Expert psychologue judiciaire : un rôle essentiel pour juger une affaire criminelle

Bertrand Phesans, expert à la cour d'Appel de Paris - AFP
Aujourd’hui, aucun procès à la cour d’assises ne se fait sans expert psychologue. Mais pour obtenir cette reconnaissance, il ne suffit pas d’en faire la demande. Il faut d’abord être inscrit sur une liste d’experts. Pour cela, il est nécessaire d’avoir une certaine expérience. “Il faut montrer qu’on est connu et reconnu dans notre profession” explique Bertrand Phesans.
Lui a d’abord été psychologue hospitalier et a saisi une opportunité à un moment de sa carrière qui l’a permis d’accéder à ce statut d’expert.
“Il y a presque 40 ans, mon patron était expert et il m’a proposé de faire des expertises avec lui. J’ai donc ensuite monté mon dossier, car j’y ai vu une grande opportunité”, le psychologue n’a donc pas hésité. “C’est surtout les paires qui nous proposent et nous amènent sur ce chemin-là”.
En étant recommandé par ses supérieurs, c’est une garantie pour la justice qui valide plus facilement le dossier. Ensuite, le professionnel doit envoyer son dossier au parquet, qui décidera s’il a le profil adapté pour ce rôle. Enfin, une commission est réalisée par une assemblée de magistrats qui décident, ou non, d’inscrire le psychologue sur la liste des experts de la cour d’appel.

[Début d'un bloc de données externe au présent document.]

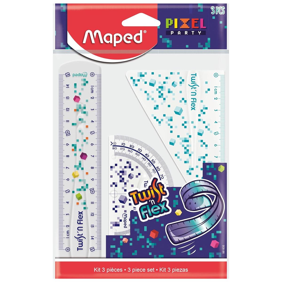 Bộ 3 Thước Học Sinh Cuộn Mềm Pixel Party - Maped 981835 được làm từ chất liệu nhựa cao cấp, bền và có độ dẻo nhất định nên khó gãy. Sản phẩm gồm 3 loại thước thường dùng trong học tập hoặc vẽ kiến trúc: thước thẳng, thước tam giác, thước đo độ. Thước được in ấn rõ nét từng chữ số, không phai mờ khi sử dụng lâu dài. Thước có màu sắc đẹp mắt, tạo sự tươi mới cho không gian bàn học, bàn làm việc.
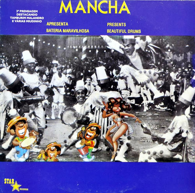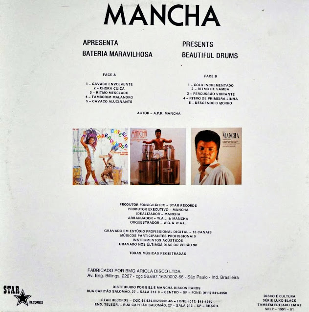 Olá amiguissímos e cultos e ocultos! Batendo o ponto do domingo, aqui vamos nós, antes que o domingo acabe. Estou trazendo para vocês outro curioso e interessante lp que comprei em Sampa. Há tempos este artista me persegue, mas talvez pelo seu visual meio exótico, cabelo armado e bem delineado, lente de contado colorida, corpo brilhante, nunca dei muito crédito. Mas desta vez resolvi encarar o som do Mancha e olha… gostei. Ao que me parece, o cara é daqueles que joga em todas as posições: criação, concepção, produção, execução e divulgação. Seus discos são variados, tem samba, rock, funk… Neste álbum vamos encontra o Mancha nos apresentando a Bateria Maravilhosa. Um disco a la Luciano Perrone, estritamente de percussão. Realmente muito bacana. Fiquei agora interessado em conhecer um pouco mais o trabalho deste artista, Infelizmente, pelo Google não há muito o que encontrar além de anúncios de venda de alguns de seus dsicos. Se alguém tiver informações, por favor, fiquem a vontade para comentar.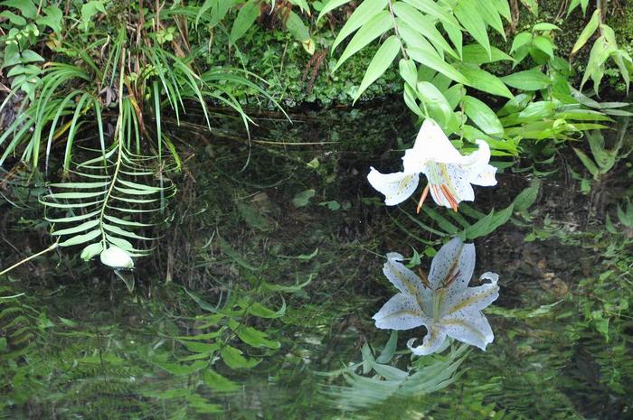 境内の池にミラー返しされたヤマユリも一服の絵の様でした。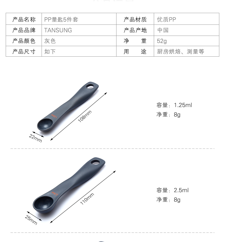 型号-106-PP量匙5件套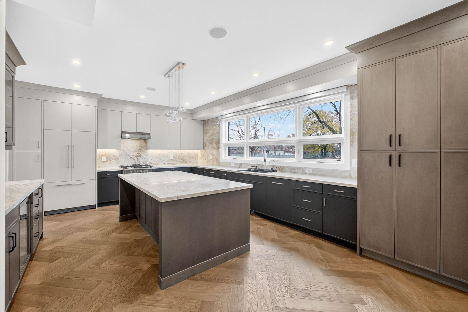 • Open concept kitchen with quartzite counters and high-end appliances.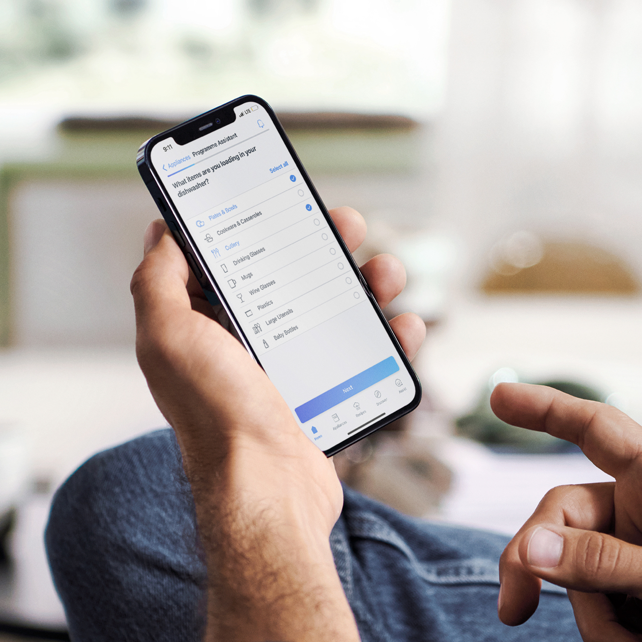varioSpeed Plus beschleunigt den bereits laufenden Spülvorgang, wenn es schneller gehen muss. Ganz einfach auf Knopfdruck am Gerät oder auch bequem unter­wegs über die Home Connect App.

Outre la cour d’appel, il existe également les experts agréés à la Cour de cassation. “Je les appelle les ‘super-experts’, c’est des professionnels qui sont censés avoir 10-15 ans d’expériences en tant qu’expert à la cour d’appel. C’est l’excellence quoi !”. Depuis 27 ans, Bertrand Phesans fait partie de ce cercle très fermé. Mais pour arriver à ce statut, il faut avant tout avoir une grande expérience en tant que psychologue ou psychiatre clinique, pour connaître et déceler toutes les pathologies mentales. "Il faut d’abord avoir une idée du genre humain et des structures psychologiques de chacun donc il faut se faire son expérience", explique-t-il.
Déceler l’inavouable
Lorsqu’un expert est appelé sur un dossier, il reçoit une lettre, appelée ordonnance de commission d’expertise, de la part du juge d’instruction. Par ce biais, le juge lui pose des questions et donne un délai à l’expert pour rendre son compte-rendu. Le psychologue doit, par la suite, rencontrer la personne en question, pour tenter de diagnostiquer son trouble. “La personne peut être en prison, à l’hopital ou en liberté et on se débrouille pour se rendre là où il est", explique Bertrand Phesans. Le but : déterminer si la personne souffre d’une maladie mentale, “mais à 98% des cas, les mis en examen ne présentent pas de pathologie, dans ces cas-là, il faut donner une explication psychologique au passage à l’acte”.
Après avoir réalisé son expertise, l’expert est convoqué par le juge d’instruction pour assister au procès et exposer ses résultats. “On va systématiquement aux Assises pour soutenir son travail puisqu’il s’agit d’une procédure orale”. Une fois qu’un psychologue est nommé expert, il ne peut plus refuser une expertise. Par ailleurs, il peut également réaliser une expertise sur les victimes pour évaluer leur préjudice.
Les psychologues croulent sous les dossiers
Pour exercer le métier de psychologue et devenir expert, il faut être passionné. “J’ai toujours été intéressé par le pire et le meilleur chez l’être humain et donc je trouve que c’est vraiment le lieu idéal”. Aussi, il faut être prêt à recevoir différents dossiers qui n’ont rien à voir entre eux.
“Vous pouvez recevoir quelqu’un qui a violé de façon horrible, ou alors la victime en pleurs devant vous. Et il faut à la fois écouter les gens, ne pas être dans la compassion et être capable de déterminer les roublards qui en rajoutent”, confie Bertrand Phesans.
A la cour d’appel de Paris, ils sont entre 1500 et 2000 experts psychologues. Et s’ils sont nombreux, c’est parce qu’il y a plusieurs millions d’expertises réalisées chaque année. En effet, tous les procès criminels doivent obligatoirement contenir des expertises psychiatriques et psychologiques. L’Etat a donc tarifé ces expertises. Les experts sont alors payés entre 400 et 500 € l’expertise. En moyenne, Bertrand Phesans réalise une centaine d’expertise par an. Un rôle qui lui prend beaucoup de temps, mais qui prend tout son sens lors des procès.